Manchmal lese ich etwas von CPU Power Connector und das man den anschliessen soll. Was soll
das sein?! Ich kenne nur die Board Versorung mit dem 24 Pin Stecker. Siehe auch das angehängte Bild. 

Die Anleitung hier habe ich auch größtenteils abgearbeitet.
"No POST", "system won't boot", and "no video output" troubleshooting checklist - Product - Motherboards

Hat noch jemand eine Idee? Insbesondere der CPU Connector würde mich mal interessieren ob
das die Ursache ist?!

Update. 

Also eine Ursache habe ich gefunden. Es lag tatsächlich an dem CPU Power Connector. Nachdem ich jetzt vom Netzteil dort auch das entsprechende
Kabel reingesteckt habe, 2x4 PINs, kommen jetzt zumindestens andere Fehlermeldungen.
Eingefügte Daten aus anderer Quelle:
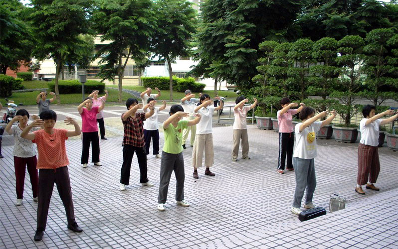 台湾中坜市健保局炼功点的学员在集体晨炼

Es laufen folgende Q-Codes durch. Unter andem 58 : CPU self test failed. Cache error. 

Kann es sein, dass die CPU dann defekt ist?! 
Folgende Codes kommen auch noch:


03
08
10
13
15
18
3C
3E
36
21 
33
35
38
39
40
58


VG
Marvel


----------



## marvel_master (3. Oktober 2014)

Dieser Post kann gelöscht werden.


----------



## Dr Bakterius (3. Oktober 2014)

Jaja der verhexte Stromanschluss für die CPU wird gerne mal vergessen. Bei dem jetzt auftretenden Fehler würde ich fast auf einen zu stramm sitzenden CPU Kühler tippen.
 Versuche doch beim nächsten mal den Bearbeiten Button zu nutzen damit die Mods nicht eingreifen müssen wegen der Doppelposts


----------



## marvel_master (3. Oktober 2014)

Dr Bakterius schrieb:


> Jaja der verhexte Stromanschluss für die CPU wird gerne mal vergessen. Bei dem jetzt auftretenden Fehler würde ich fast auf einen zu stramm sitzenden CPU Kühler tippen.
> Versuche doch beim nächsten mal den Bearbeiten Button zu nutzen damit die Mods nicht eingreifen müssen wegen der Doppelposts



Den Kühler habe ich jetzt abgeschraubt und einfach nur drauf gelegt. Stramm ist da nix mehr. Selbes Resultat.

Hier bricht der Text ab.